Now, check the condition " $L_2$ doesn't meet $C_2$ at all". Distance $d(O_2, L_2) = \frac{|2\sqrt{2}(1) - (-1) + (11 - 2\sqrt{2})|}{\sqrt{(2\sqrt{2})^2 + 1}} = \frac{|2\sqrt{2} + 1 + 11 - 2\sqrt{2}|}{\sqrt{8 + 1}} = \frac{|12|}{\sqrt{9}} = \frac{12}{3} = 4$ . Since $d(O_2, L_2) = 4 > R_2 = 2$ , $L_2$ does not meet $C_2$ . This condition is satisfied. This is the correct set of lines.

Subcase 2b: $9 - \sqrt{m^2 + 1} = -2\sqrt{m^2 + 1}$ (if $9 - \sqrt{m^2 + 1} < 0$ ) $9 = -\sqrt{m^2 + 1}$ This is impossible because $\sqrt{m^2 + 1}$ is always positive, so $-\sqrt{m^2 + 1}$ is always negative. A positive number (9) cannot be equal to a negative number. No solution from this subcase.

The equation of $L_2$ is $2\sqrt{2}x - y + (11 - 2\sqrt{2}) = 0$ . The given form of $L_2$ is $a\sqrt{a}x - by + c - a\sqrt{a} = 0$ , where $a, b, c \in N$ . Comparing the coefficients:

$a\sqrt{a} = 2\sqrt{2}$
$-b = -1 \implies b = 1$
$c - a\sqrt{a} = 11 - 2\sqrt{2}$

From (1), $a\sqrt{a} = 2\sqrt{2}$ . Since $a \in N$ , we can test values. If $a=1$ , $1\sqrt{1}=1$ . If $a=2$ , $2\sqrt{2}$ . This matches. So, $a=2$ . From (2), $b=1$ . This is a natural number. Substitute $a=2$ into (3): $c - 2\sqrt{2} = 11 - 2\sqrt{2}$ $c = 11$ . This is a natural number.

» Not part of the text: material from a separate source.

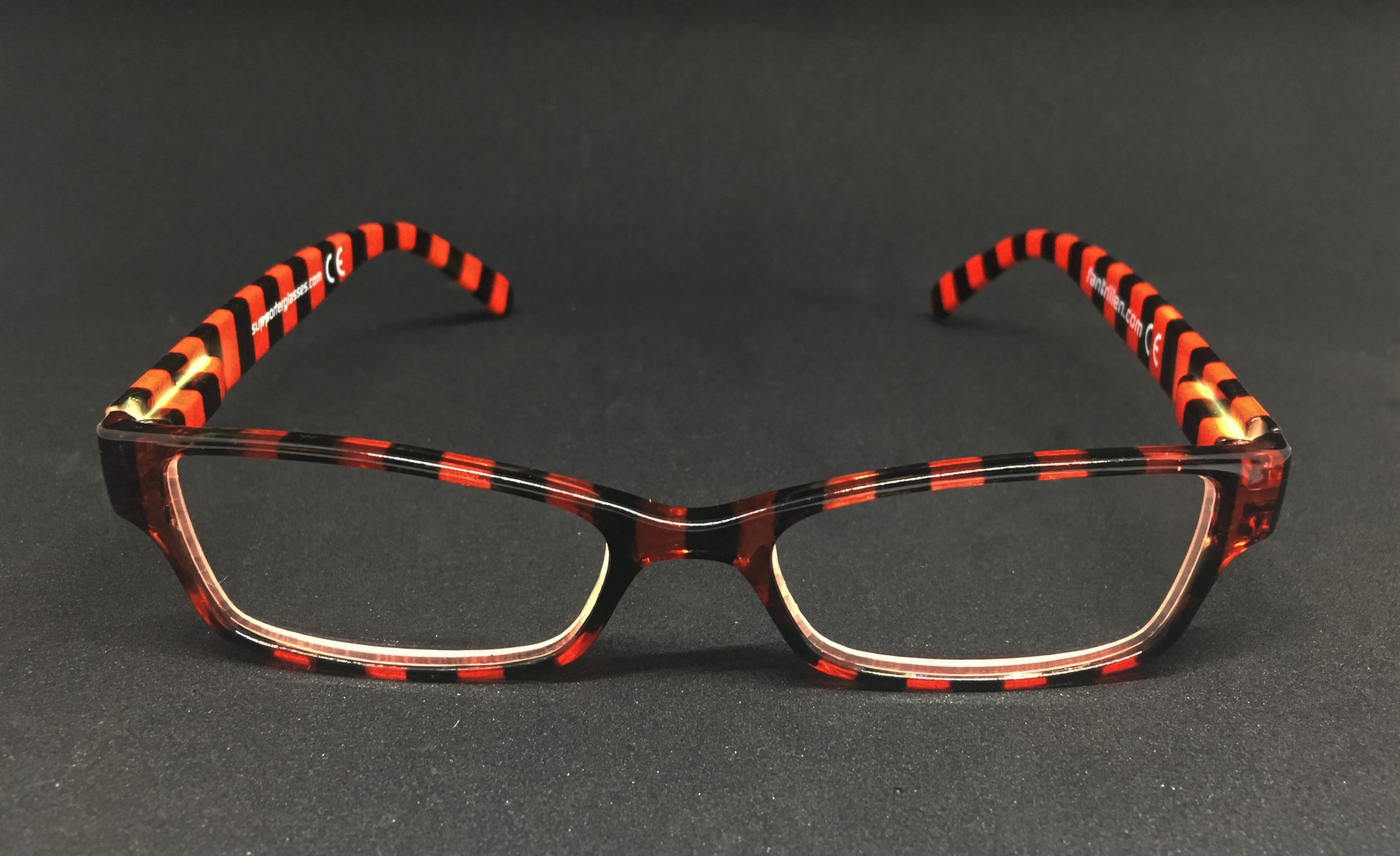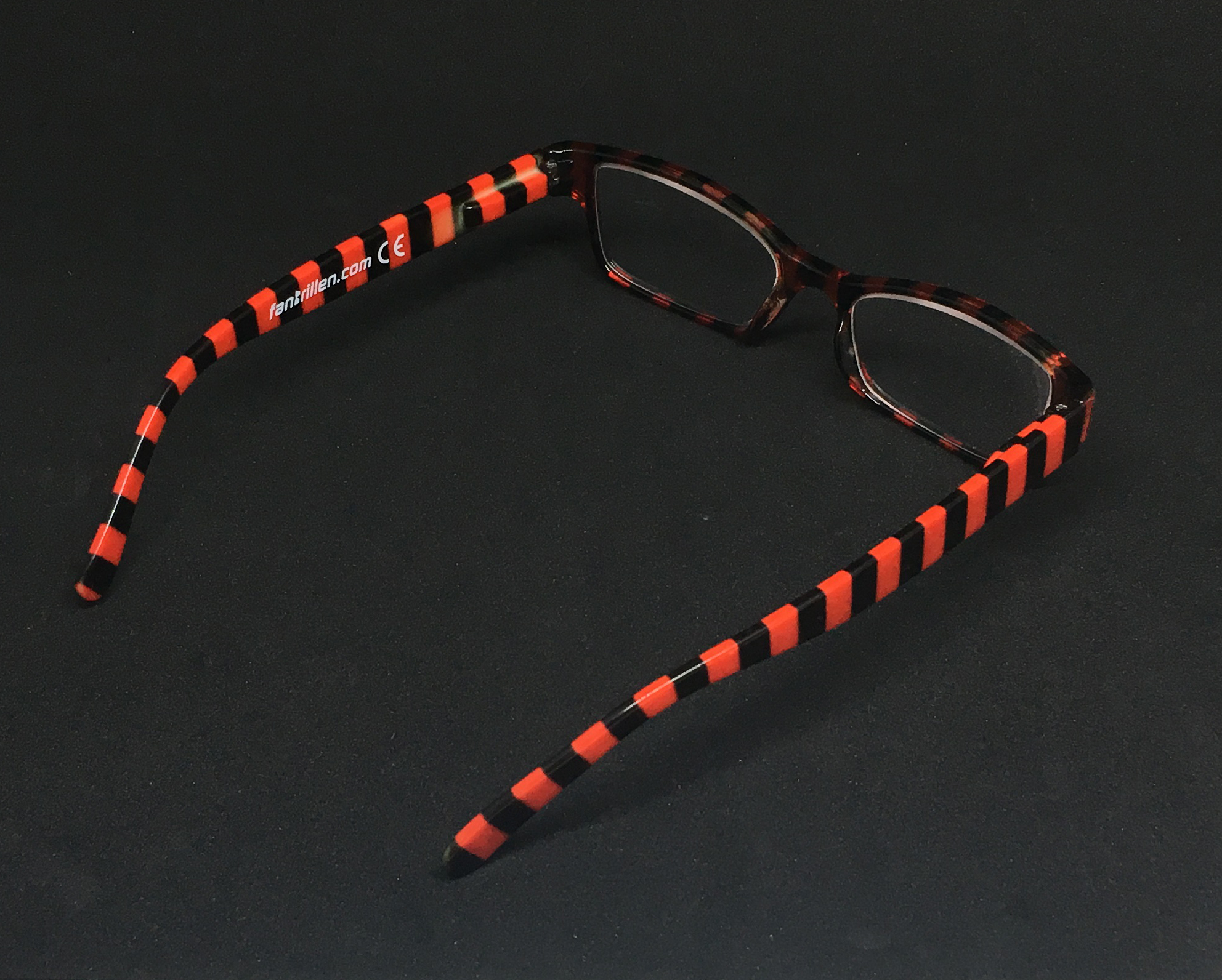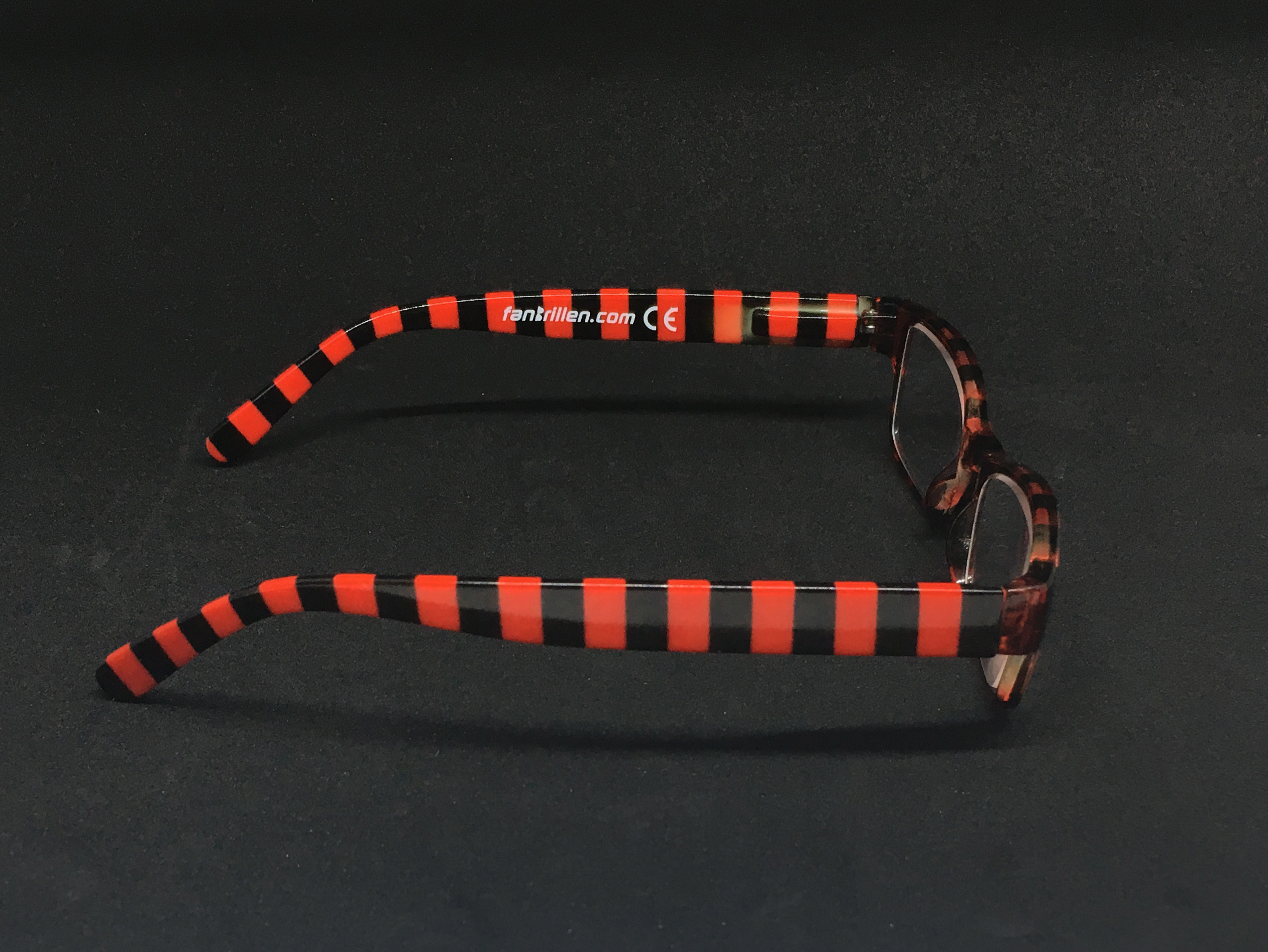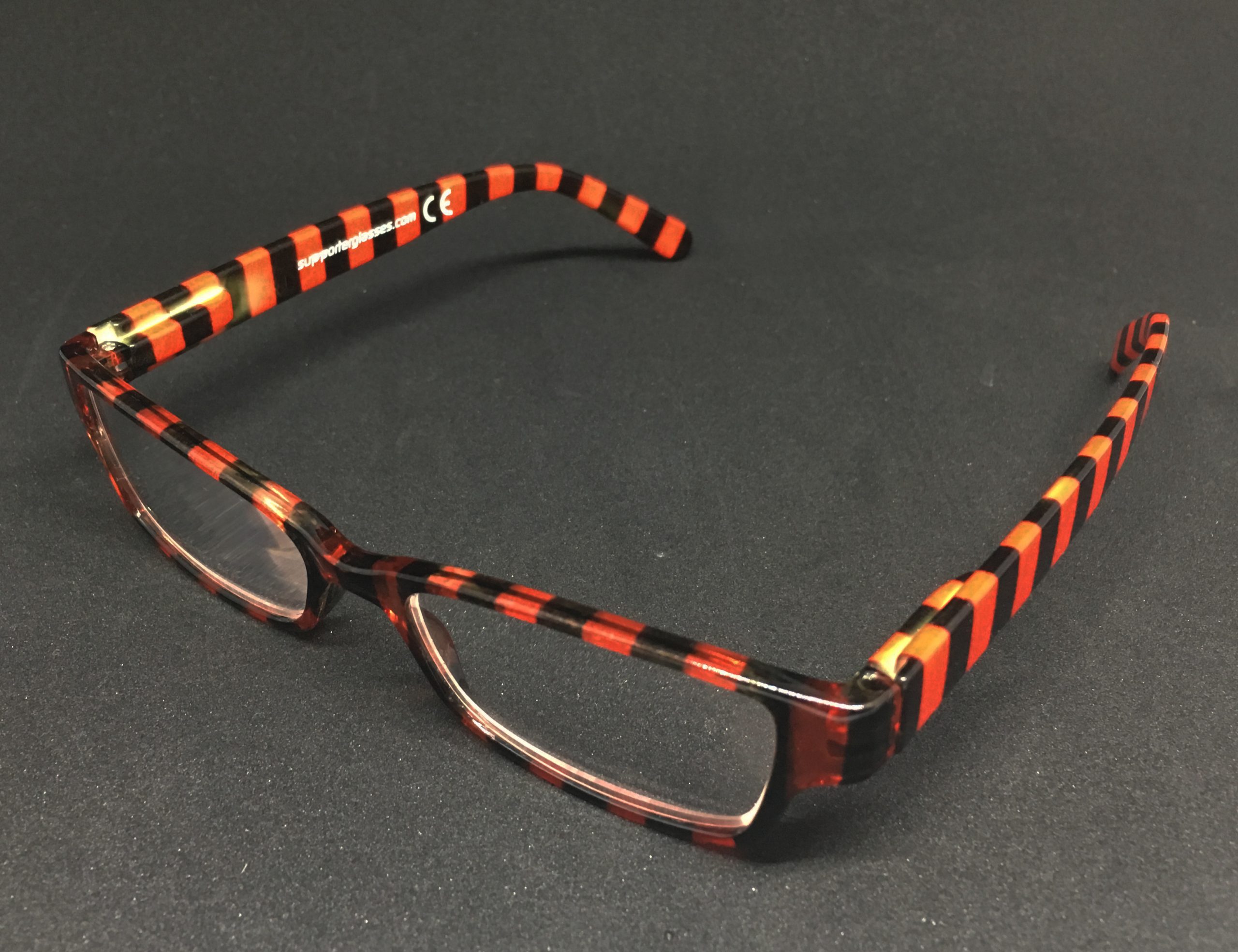 Hochwertige Lesebrille im Blockstreifen-Design in schwarz-rot aus Kunststoff, erstklassig verarbeitet. Ausführung unisex. Lieferung inkl. Brillen-Beutel aus Mikrofaser im gleichen Design.

We have $a=2, b=1, c=11$ . All are natural numbers. We need to find the minimum value of $\frac{a+b+c}{2}$ . Since we found unique values for $a, b, c$ , this will be the only value. $\frac{a+b+c}{2} = \frac{2+1+11}{2} = \frac{14}{2} = 7$